Worth describing operating modes to be supported: You kind of cover this later
but I think pulling it out make it clearer that we want one bit of software to
do several different things.

1) FM separate from hosts and talked to by higher level orchestration software
   but using a Switch CCI or MHD mailbox (over PCI)
   This one is fairly easy because any security / shooting self in foot problems
   are an issue for higher level software. 
2) FM on host.  Probably mostly going be relevant for debug but may use
   the same mailbox as is being used by the existing CXL drivers (for Multi
   Head Device it might be the end point mailbox, for Multi Logical Device
   behind a switch it might be the switch mailbox).
3) All out of band (MCTP or similar - want some shared code, but no
   need for anything in kernel as far as I can tell).


> (1) How to distribute functionality between user-space and kernel-space?

Kernel for transport if mailbox based (switch or MHD).
Possibly help in kernel with the host to Multiheaded device FM LD tunneling
and host to switch to Multi Logical Device - Logical Device tunneling
but that could also be left to userspace.

If MCTP use the existing MCTP framework which is underlying transport independent.
I posted a PoC for how this might work a while ago (hack on top of MCTP-I2C
and some emulation) In the cover letter of the emulation PoC
https://lore.kernel.org/linux-cxl/20220520170128.4436-1-Jonathan.Cameron@xxxxxxxxxx/

I think everything else belongs in userspace. I believe there are redfish APIs
etc that would then be used to query and drive the userspace program from an
orchestrator or similar level software.

> (2) Which functionality kernel-space needs to provide for implementation FM features?
>       Which kernel-space functionality do we need to implement yet?

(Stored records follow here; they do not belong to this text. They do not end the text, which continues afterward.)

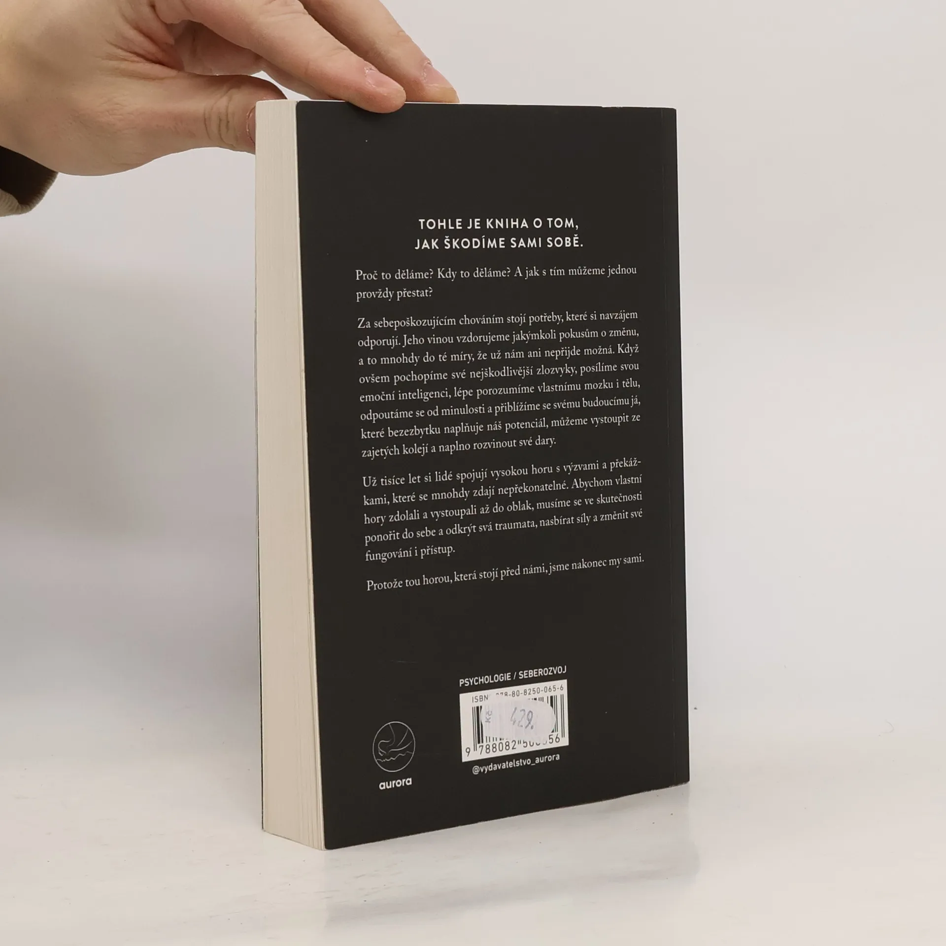 Tato kniha se zaměřuje na to, jak si nevědomky škodíme a proč k tomu dochází. Kdy se sebepoškozující chování objevuje a jak ho můžeme nadobro překonat? Jeho příčinou jsou protichůdné potřeby, které nás často brzdí ve snaze změnit svůj život, až si začneme myslet, že změna není možná. Pokud se však dokážeme podívat na své škodlivé zvyky zblízka, zvýšit svou emoční inteligenci, lépe pochopit fungování vlastního těla a mysli, odpoutat se od minulosti a přiblížit se své budoucí verzi, která plně využívá svůj potenciál, můžeme se osvobodit z těchto vzorců chování a rozvinout své schopnosti naplno. Lidé si již tisíce let spojují vysoké hory s překážkami, které se zdají nepřekonatelné. Abyste však zdolali svou vlastní horu a dosáhli vrcholu, musíte nejprve zaměřit pohled do nitra, odhalit svá traumata, nabrat sílu a změnit svůj přístup. Protože tou největší horou, kterou musíte překonat, jste ve skutečnosti vy sami.
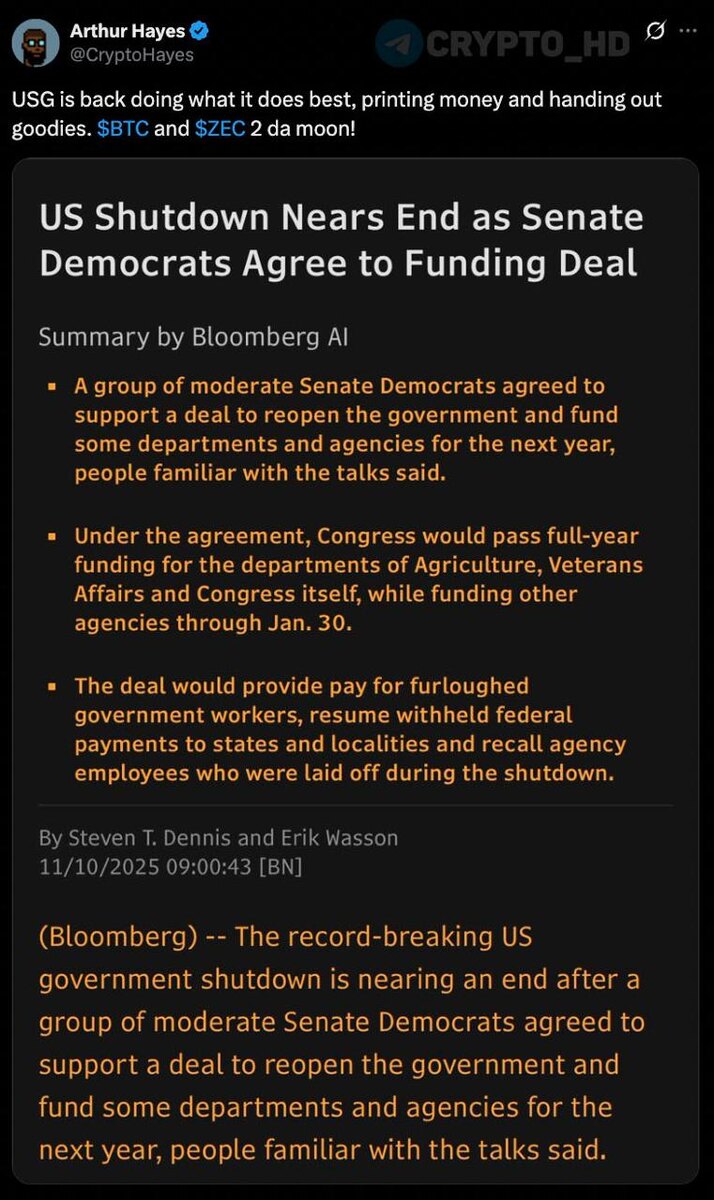 🚀 Артур Хейс ожидает «туземун» Биткоина и Zcash (#ZEC) из-за окончания шатдауна в США – twitter
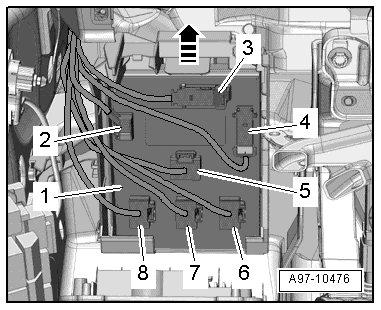 - Disconnect the electrical connectors - 2, 5, 6, 7 and 8 -.
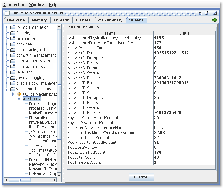 WLHostMachineStats is a small agent (JMX MBean) that runs in every WebLogic Server in a WebLogic domain. It is used to collect statistics (O.S. CPU/Memory/Network usage) from the machine hosting each WebLogic Server instance. Also see DomainHealth.
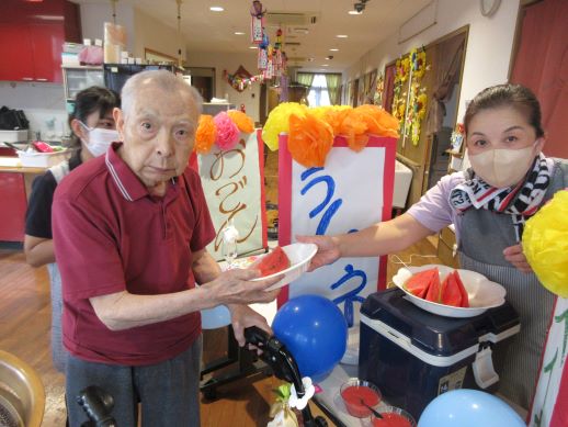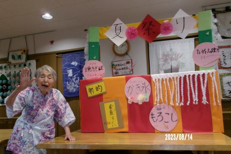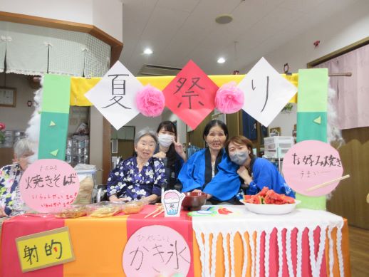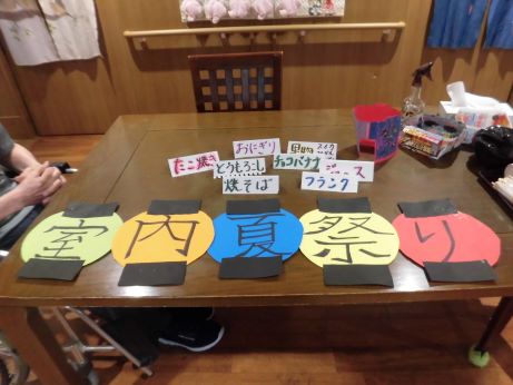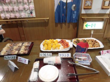 おでん、やきそば、たこやき、かき氷、ラムネ、わたあめ、すいか、とたくさんのメニューを用意しました。食券を使いそれぞれ好きな物を購入していただきます。
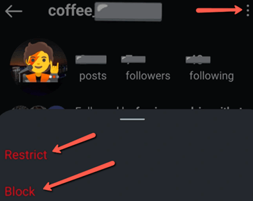 步骤 2) 现在点击出现的用户名,进入他们的个人主页。导航到右上角的三点菜单,然后点击“屏蔽”选项。要限制,只需点击“限制”。
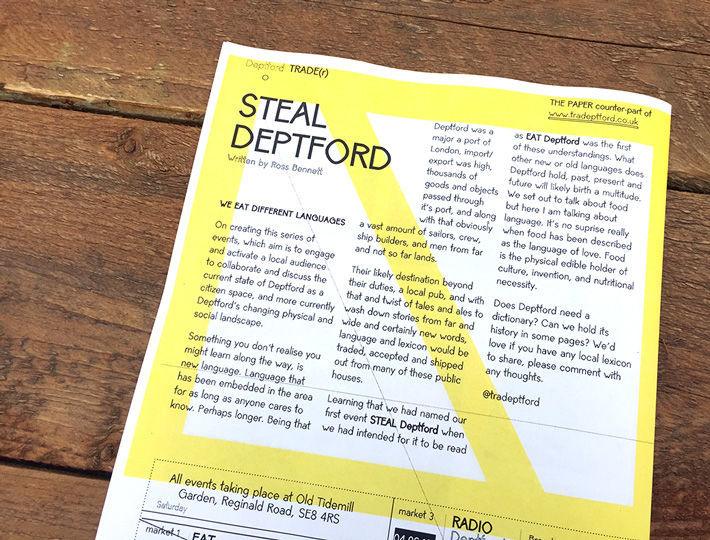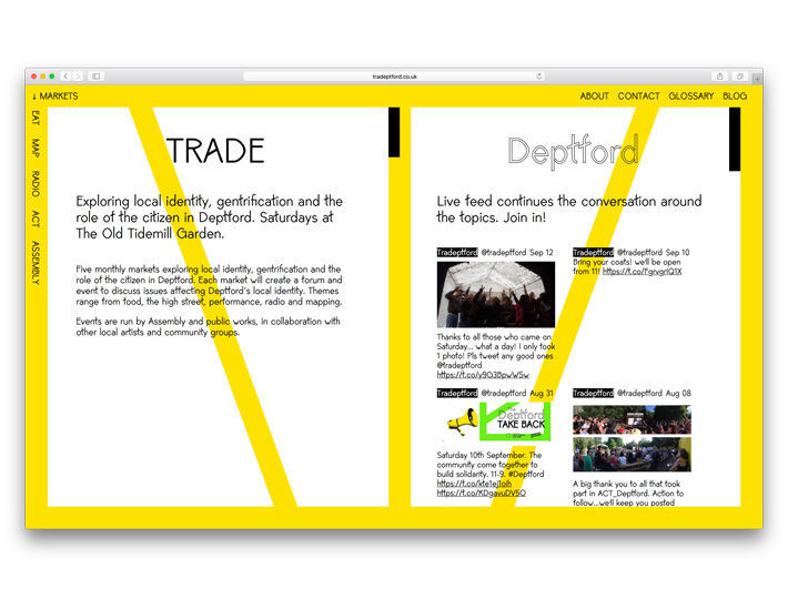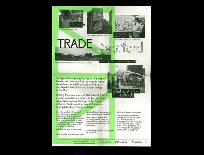 Tradeptford provided a local platform hosting events and debates. It aimed for a new typology of market forum which would turn the artist/architect into a lever for positive social change. Through the direct participation in each forum, local residents worked together with local artists and designers to unpick the impact of gentrification in Deptford.

Very little needed if we just expose the transport via PCI mailboxes.
There is a possible concern that FM-API commands are frequently
destructive and currently we don't let userspace poke destructive
commands. That may just need a specific opt in to say we know we
can shoot ourselves in the foot.

> (3) Do we need MCTP (Management Component Transport Protocol) or some other
>       protocol can be used for interaction between configuration tool, FM daemon, and
>       CXL switch?

Yes MCTP is needed.
I don't think we want the actual management code to be different
depending on transport / protocol.  However we might layer it so that there
is an interface program that sits between the management library / program and
the FM-API transport.

Note I was struggling to find a suitable MCTP interface to emulate - so would
welcome suggestions on that.  I hacked the above PoC using an aspeed i2c
controller that supported the right magic combination of features needed
for MCTP over I2C but it doesn't have ACPI support which rather limits
usage (and I doubt anyone will be keen on adding ACPI support just to
test CXL related code :)  If anyone knows of a suitable MCTP host we
could use for this that would be great (MCTP over PCI VDM might be nice for
example)

> (4) What architecture FM implementation requires?
> (5) Does it make sense to use Rust as implementation language?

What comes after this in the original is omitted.